I may be and probably am judging objectively by a number of variables but I feel fragile and breakable.
On most days, I am like a little car wondering how I can go anywhere without fuel.
Mmmh, I enjoy metaphors as you can see, so I had to get that one out of the way.
Going back to my grandma, Anna Glowinski, I've never visited that horrid distorted space she lived in exactly, perhaps because the medicine I take holds me back, but I regularly visit its antechamber (metaphor!!): a space where the distortion is that nothing I do, am, feel etc....really matters so why bother?
It's a heady mixture of existentialism, anhedonia and pain.
So what were the odds of a relapse about now in my life? Close to 100%. Friends, I saw it coming and actually tried to ask for help to prevent it. I remember sitting friends down and explaining that we needed to have regular dinners at my house. Prevention attempt. I remember explaining that I was at high risk of tanking. Prevention attempt.
To be fair, I may not have been clear enough or talked to the people who were the most likely to heed my ask. But ok, why was it so obviously a high risk of tanking period:
1-My husband Jim moved to Stanford and I've stayed behind while our youngest finishes High School. I encouraged Jim to take an awesome job and I love the Bay Area. But....this is reminding my brain in every way of when our kids were little, I had no family in town, and Jim was working all the time: not fun times. Overwhelmed, isolated, completely depleted times.

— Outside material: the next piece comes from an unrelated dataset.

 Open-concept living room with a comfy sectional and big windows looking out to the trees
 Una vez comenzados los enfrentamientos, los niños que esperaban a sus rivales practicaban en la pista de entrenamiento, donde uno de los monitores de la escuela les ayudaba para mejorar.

2-The kids are not little. For those of you who have been through that adolescent parenting stage and for those of you who will enter it: it is not low maintenance. It's a high acrobatics parenting stage. It's a stage characterized by high criticism and low empathy (for you.) I often think about the Star Trek episode "Collective" where five Borg teens are encountered and this memorable spot-on musing: they're not exactly drones. Mature Borg are predictable. They'll ignore you or assimilate you, but these juveniles, they're unstable. They are contemptuous of authority, convinced that they are superior. Typical adolescent behavior for any species." (Thanks hard core Star Trek fans for online sharing of super detailed summaries of each episode.)
3-We (me but by we I mean the center of the family) are moving to a new state in a year and a half and that means disconnection from what I have built in teams I love at work over decades and separation from a few people that are like family to me. This is for sure reminding my brain of the (still vastly under-processed, because, well, I've been busy in this life thus far) pain and loss of leaving France when I was 20. Pre-internet. Phone calls were expensive. I was too poor to go back and forth and get a home-things infusion. It was an amputation so painful that things did not feel quite real for years. My brain is worried about getting another amputation and I can talk up the new Silicone Valley prosthesis all I want, it's not working at this transitional point.

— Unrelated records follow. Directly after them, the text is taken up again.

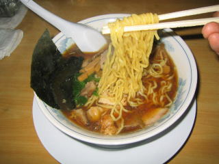 麺は黄色の中太麺、濃い色の生姜の効いた正油スープです。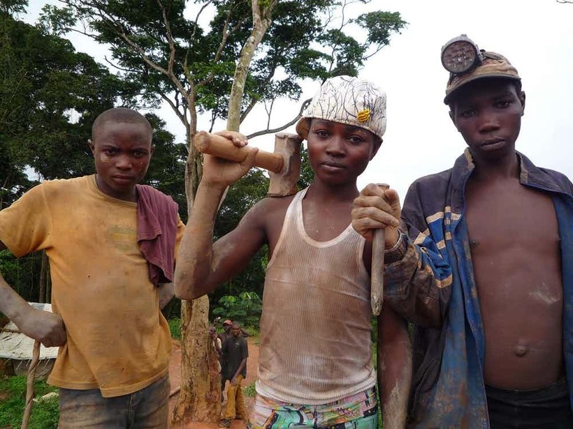 Эти мальчики работают на шахтах по добыче кобальта. Этот ценный металл используют в производстве мобильных устройств, а месторождений его не так уж и много. Так, например, несколько есть на территории Африки. И тут трудятся дети. Для них это норма — работать на шахте. За свой труд они практически ничего не получают, другой жизни они не знают. Многие шахты контролируются криминальными авторитетами, так что этот труд легко приравнять к рабству.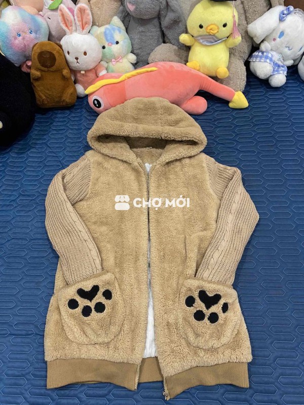 Áo khoác nữ lông cừu màu nâu, kiểu dáng hoạt hình dễ thương. - Chất liệu lông cừu mềm mại, giữ ấm tốt. - Thiết kế trẻ trung, phù hợp nhiều dịp. - Dễ phối đồ, tạo phong cách riêng.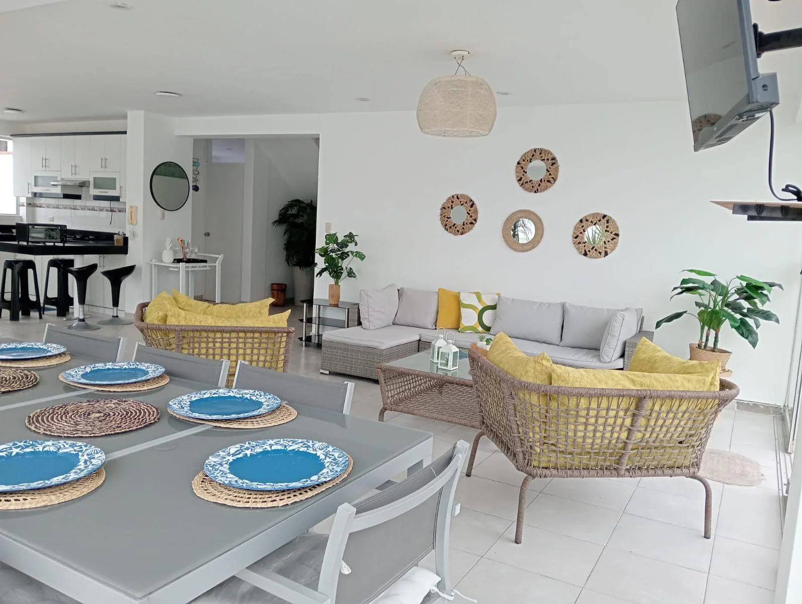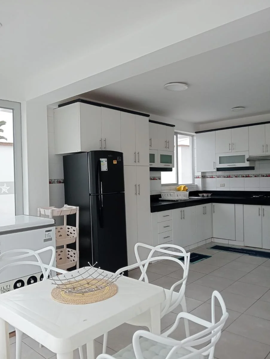 • Zonas Sociales Acogedoras: Disfruta de una sala-comedor amplia rodeada de vidrios, que permite la entrada de luz natural, aire marino y ofrece una vista maravillosa.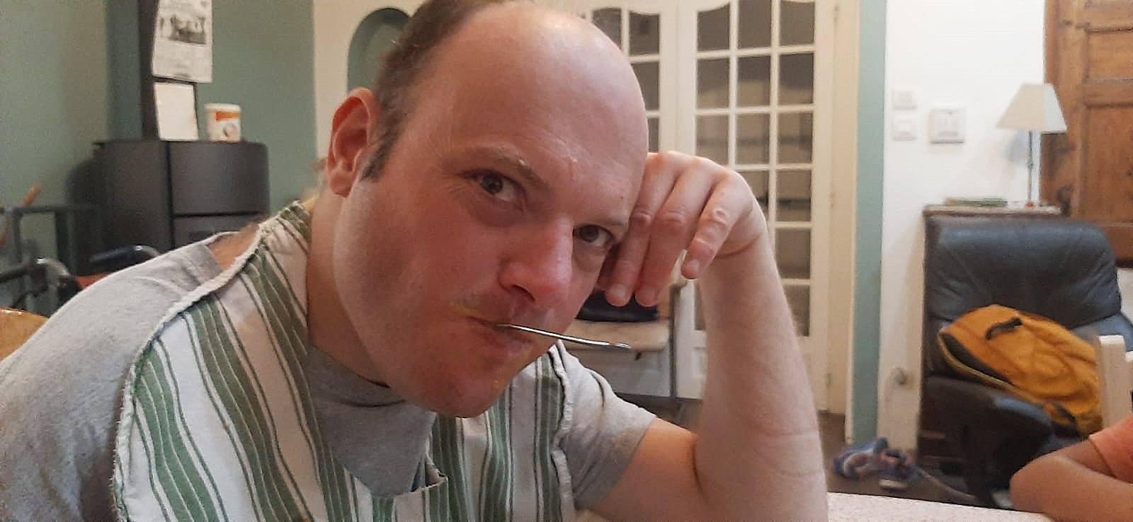 Retrouvailles dans une belle complicité avec Jéjé bien éveillé, regards bien présents et expressions bien vives.

4-A lot of other cumulatively depressogenic things have happened: best friends have moved away, support systems evaporated because in the end too personally costly, people have died from both tragically avoidable and tragically unavoidable causes.
So if you've hung on and read till now, two things: I may be sounding much more plaintive and negative than usual. That is the pain of depression talking. I may also be worrying about the way I sound because that's a very unfortunate correlate of depression: this internal experience of burdening others and so forth. I also want to say that I have been in this place before, more severely in the past, and that I know that one day probably a few weeks from now, I will see something like a sun beam and be myself again: enormously happy and grateful to be alive.

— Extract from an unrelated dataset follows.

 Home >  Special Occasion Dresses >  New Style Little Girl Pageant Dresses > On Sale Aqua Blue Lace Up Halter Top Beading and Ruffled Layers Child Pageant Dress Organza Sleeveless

Pivoting out of this: I made myself a promise. I am going to aim to be as compassionate to myself as I can be. As compassionate as I am with others.
That means: telling you about the details it in a next post....I have places to be and things to do (in all seriousness.)
Thank you and much, much, much love,
Anne
You are a lovely and special person and I hope and pray that these dark days pass swiftly by. I also thank-you (& Sammy) for letting me move out here.